Comet C/2022 E3 (ZTF), being called the Emerald Comet, will be closest to us, and probably at its brightest, on Wednesday, February 1, about 26 million miles away. It has gotten a lot brighter than predicted, and by late January had reached an integrated visual magnitude of 4.6, easily visible in binoculars. If you have a nice dark northern sky, it should be eyeball visible all night long as a smudge in averted vision. On Wednesday night, it will be about 20 degrees (the span of two fist widths at arm's length) up toward the one o'clock position from Polaris, at about the same altitude as the lower triangle of bright stars in Cassiopeia. Don’t expect to see the green unless you take a photo.

Get the current position of E3 at The Sky Live.

The International Space Station will be making visible passes through Santa Barbara’s evening skies in the next week, weather permitting. The orbit may change, and I've only listed the best and brightest events, so to get the latest and most complete predictions, visit Heavens Above.

On Wednesday, February 1, the ISS will rise in the NNW at 6:52 PM PST, cruise from between Cygnus and Draco to the handle of the Little Dipper before vanishing in the Earth's shadow in the NNE at 6:55 PM.

Thursday we'll have two passes. The station will first appear at 6:04 PM in the NNW, and follow a lower version of Wednesday's pass, going below the bowl of the Little Dipper, above the Bowl of the Big Dipper, through dim Cancer, and disappear below the line of Castor and Pollux in Gemini to the E at 6:09 PM. It will pop up again at 7:40 PM in the WNW and climb just above Alpheratz in the Great Square of Pegasus and fade away at 7:42 PM in the W.

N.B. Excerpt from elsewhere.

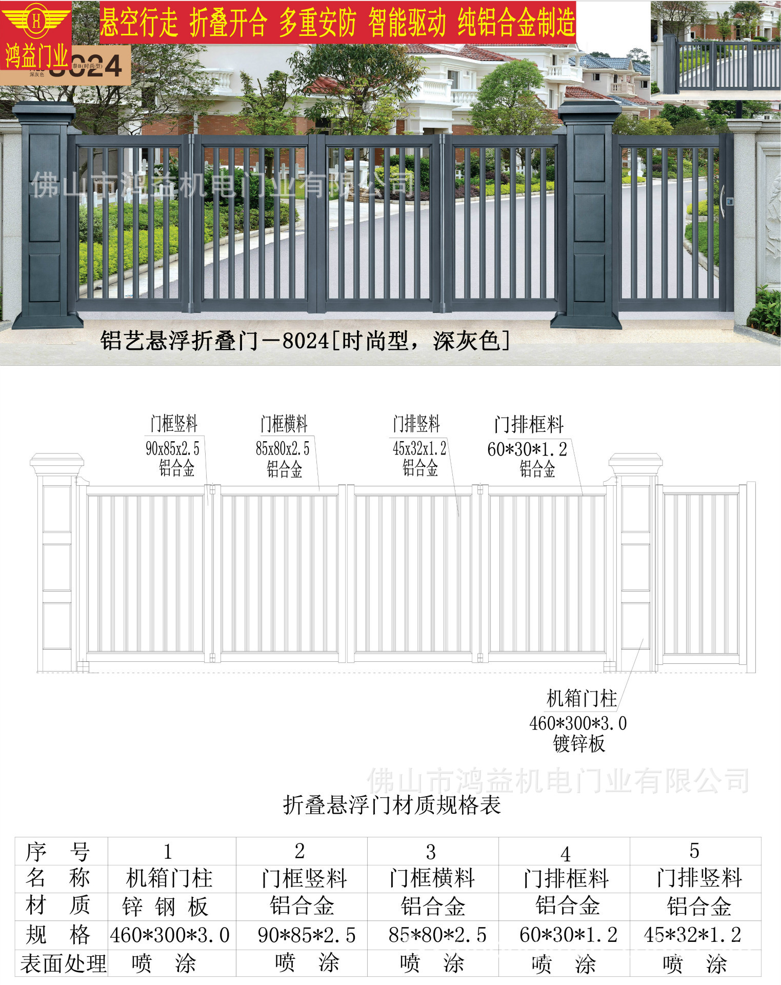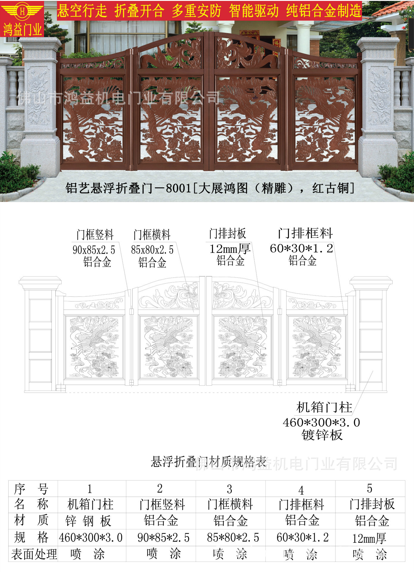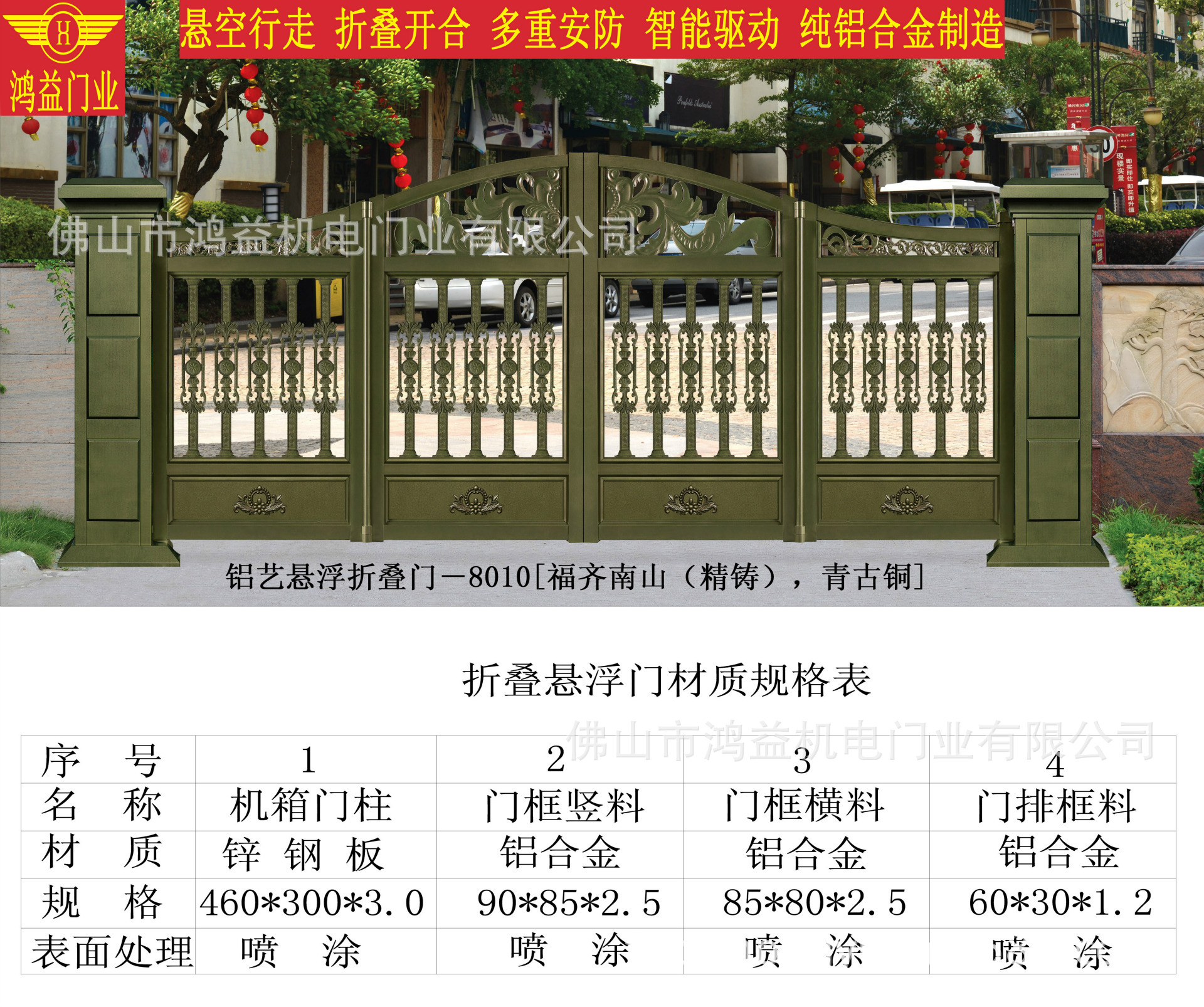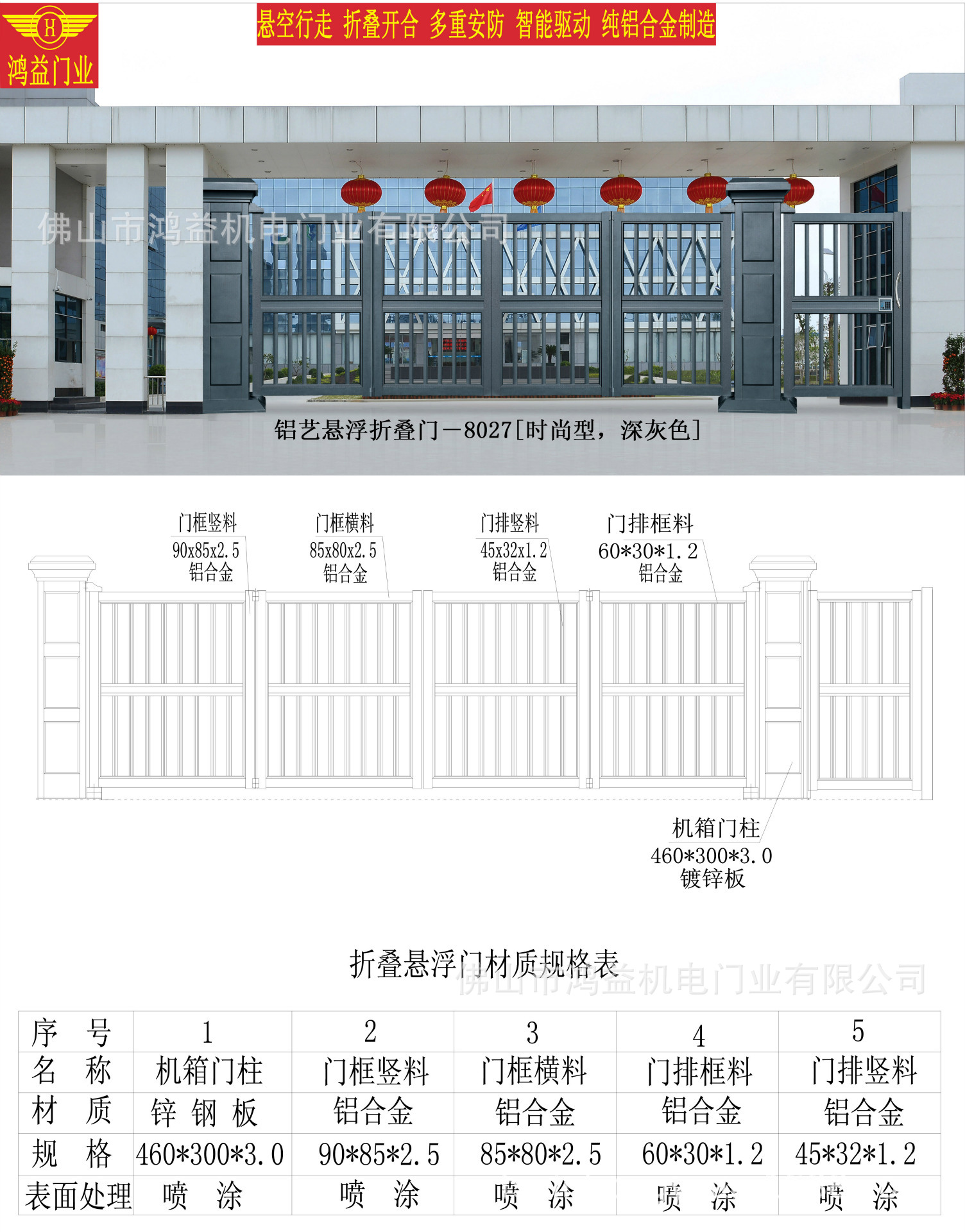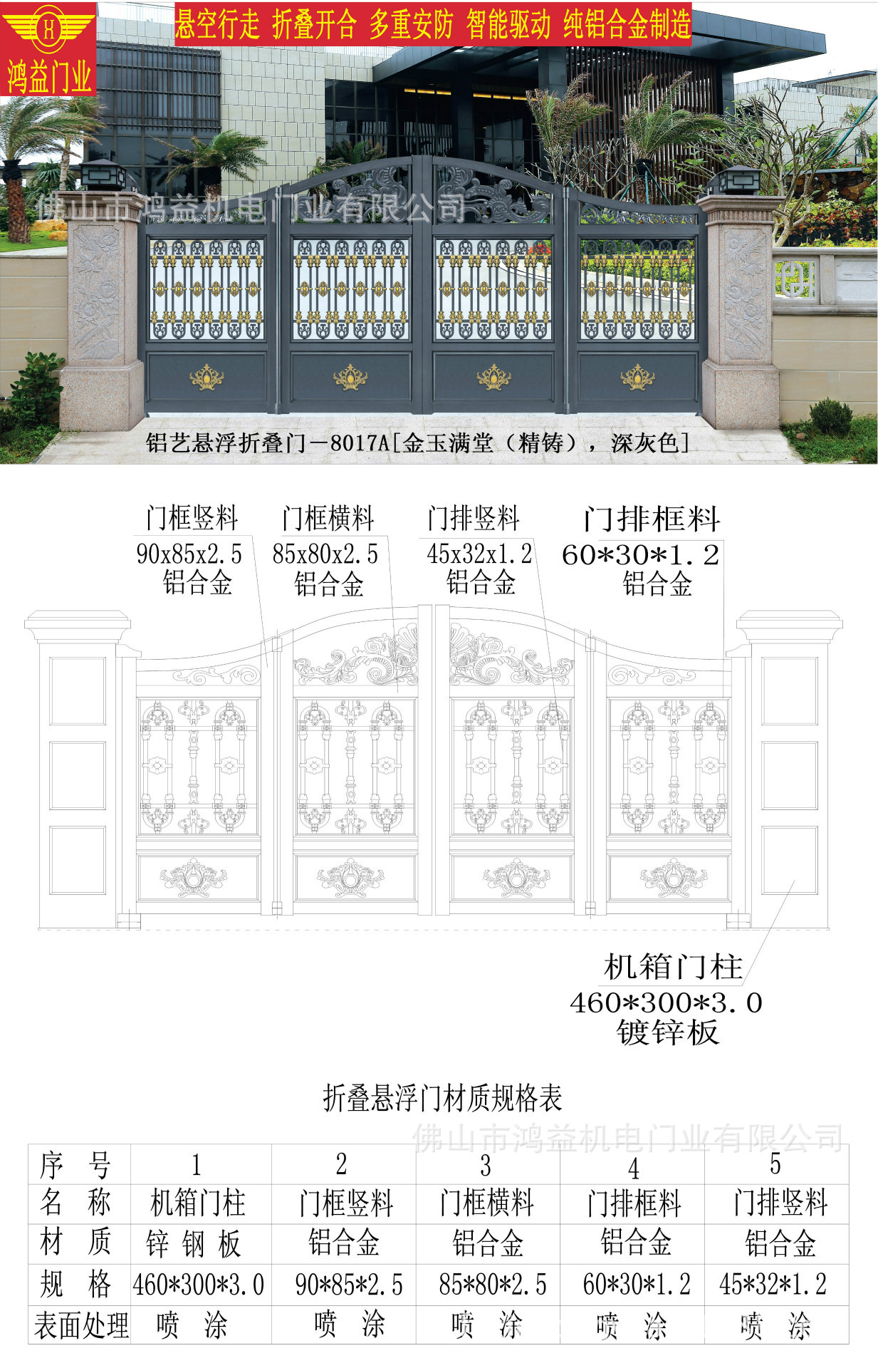 崇敬的客户:您好。我们公司在线销售多种产品型号,产品不停更新,可以根据客户要求展开定制。网站上显示的产品价钱仅供参考,愿意客户会知道。对于特定价钱,请通过电话或在线关系我们公司开展详尽咨询和谈判。我们将竭诚为您服务。鸿益机电门业智能铝艺折叠式别墅门诞生了,掀起了行业变革。世界上第一个独家专利技术,智能铝艺浮动式折叠门是鸿益机电门业公司一个震世的作,立刻获取了成功。产品一经推出便赢得了市场的赞誉和普遍认可。该产品的技术含量和性能优势是其他门产品所无法比拟的;

On Friday, it will make a bright pass starting at 6:51 PM in the NW, from Cygnus to Andromeda, between Taurus and Cetus, and ending below Orion in Lepus at 6:56 PM in the SSE.

Saturday's pass will be the brightest of this sequence, rising in the NW at 6:02 PM in Cygnus, cruising through Cepheus to bright Capella in Auriga, and along the feet of Gemini to set by Sirius in the ESE at 6:09 PM.

On Sunday the ISS will appear at 6:51 PM in the W, cruise through the neck of Pegasus, between bright Jupiter and Venus, past Deneb Kaitos and into Fornax low in the S at 6:56 PM.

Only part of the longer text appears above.